January 08, 2005 09:40AM
I can not believe the length people are willing to go to to try and scare the CHS. Look at this from a realistic standpoint; a full load of people weighs 4 tons, if each of those 40 people weighs 200 pounds. A load of coal or ballast could weigh 25 tons. The drop bottom gons have 12 doors, thus each door is holding 2 tons of material, so when you open a door up to 4000 pounds is suddenly unloaded from a area of less than 10 square feet, and the doors are along the out side of the car. That is a lot of potential energy. If the car was full of people (abot 40) each of whom weighed 200 pounds and they all wanted to be on the same side of the car at the exact same instant, that would represent a shift of 4000 pounds (20 people, because the other 20 would already be on that side of the car) from the outside length of the car to a little over the centerline of the car on the other side. (the bench seats on the car are located against the walls, if people were sitting on one side, anyone else would have to stand basically in the center of the car to be on that side) This shift of weight would occur along the length of the car and not be concentrated in one area, like opening a drop door. I fail to see where anyone would come to the conclusion that people riding on one side of a gondola (high side or drop bottom) would tip it over. The fact that none of GLR's high side gondolas tipped over in 30 years speaks volumes about this. The laws of physics and reality can not be overturned just because you do not happen to like what is going on with the Georgetown Loop.Get over it and move on.
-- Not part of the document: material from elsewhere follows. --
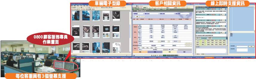 為了讓各個部門的人都能了解客戶的想法,和泰汽車要求資深人員必須假日輪值,直接在第一線接聽0800免付費電話。每位客服專員更由3個螢幕呈現不同的內容,以最短的時間回應客戶。

As long as I am on a roll here, C&S #9 IS NOT 120 YEARS OLD!!!!! The only thing on that locomotive that may have come from the Cooke factory in 1883 is one cab support, which is marked DSP&P. Every other part on that locomotive has C&S casting marks. The C&S built the boiler and cylinders in 1900 and the frame in 1917. Even the driver centers are C&S parts and teh C&S built the tender in the 1920's. Of course you would actually have to get within a mile of teh locomotive to notice this. Much easier to sit a criticize it and Marlin Uhrich from thousands of miles away.